They would use quad-rotor drones as sniper spotters, looking for people hiding in the rubble.
> As of now, the drones’ propellers are still somewhat noisy. But as quiet drone technology becomes available, they’ll be able to add it to the existing framework.
Yes the law of physics will clearly just decide to bend to Roland's whims /s
I don't believe the limitations of physics are anywhere near what current drones sound like. They are loud because zero effort goes in to making them quiet. It's not so much the moving air that makes them loud, its the whining motors and bearings that are loud. If you were able to encase those motors inside and perhaps put some effort in to making the air stream less turbulent, they could be a lot quieter.

Although I still can't see drones being good for this even with good designs.

It is certainly not "whining motors and bearings" that makes them loud - it is the fact that you are creating massive periodic pressure differences with the blades.

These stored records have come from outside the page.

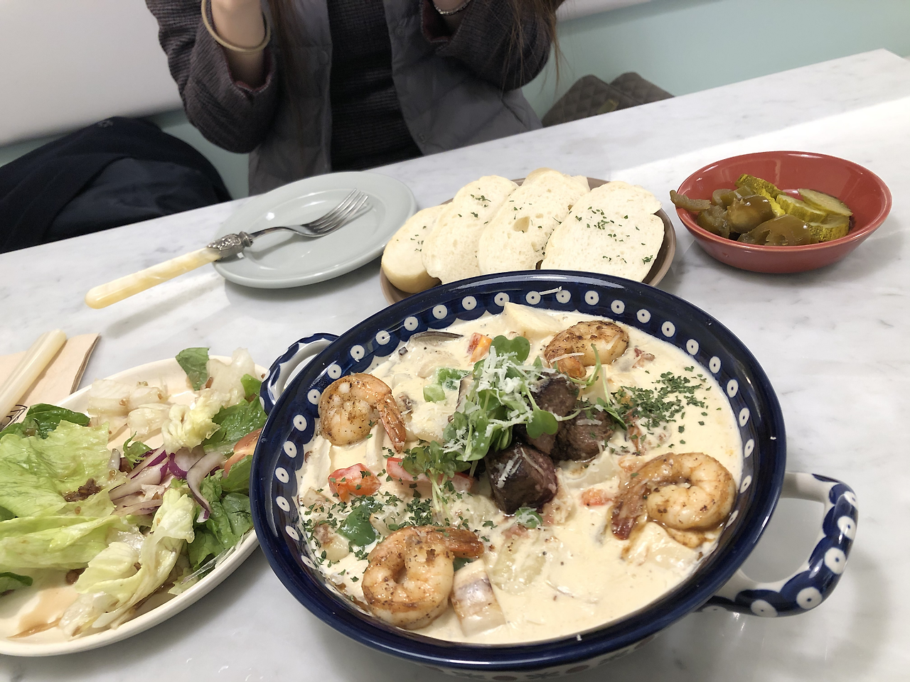 아란치니는 먹물 오징어와 쉬림프를 골랐고, 소스는 로제 소스로 골랐는데 맛있었다. 아란치니를 처음 먹어보는데 안에 밥도 들어있고 재미있는 맛이었다. 뇨끼의 수제비 같은 파스타인지 반죽은 식감이 좀 별로였다. 크림소스와 야채, 새우, 스테이크의 조화는 좋았다. 밥을 먹으며 나의 일상 얘기, 이 얘기 저 얘기 끊임없이 얘기했다.
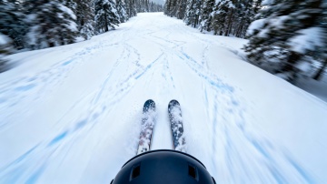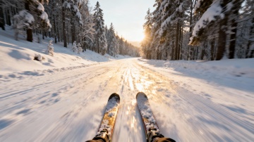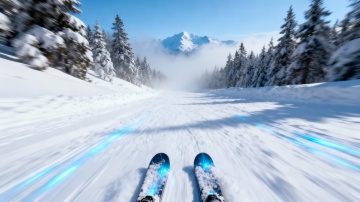 3D风滑雪场实景,重拟物设计融合虚拟现实感,光影与清新色调交织,营造出温暖舒适、潮流时尚的冬季度假氛围。
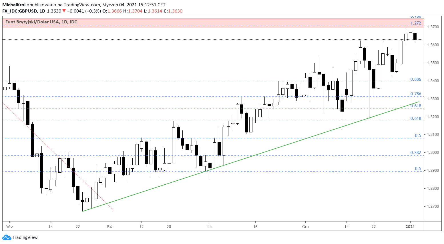 Lewa strona wykresu rozpoczyna się od korekty spadkowej, po której cena wyznaczyła dołek ~ 1,2700. Początek października przyniósł jednak zmianę sentymentu na parze walutowej GBPUSD. Kapitał ponownie zaczął płynąc do funta brytyjskiego, a wyprzedawany był amerykański dolar. Taki schemat utrzymywany był w zasadzie do końca 2020 roku.

It is the same reason helicopters go thump-thump-thump, but scaled up in frequency. Have you ever heard a quiet propeller? About the best you can do is increase the size and decrease the speed (more efficient = less power dumped into the air), add more blades (minimizes circumferential pressure variation), and add a duct (eliminates tip vortices). But eventually you hit weight limits on all of that. At drone sizes, unless the drone is impossibly feather-light, you're always going to have some sort of whine.

Even in the absolute theoretical best case scenario of an idealized disk-shaped actuator inside a duct with proper lip shaping and 0 turbulence around the actuator, the shear boundary of the high velocity output plume is unavoidably going to cause turbulence. The best you can do is "woosh".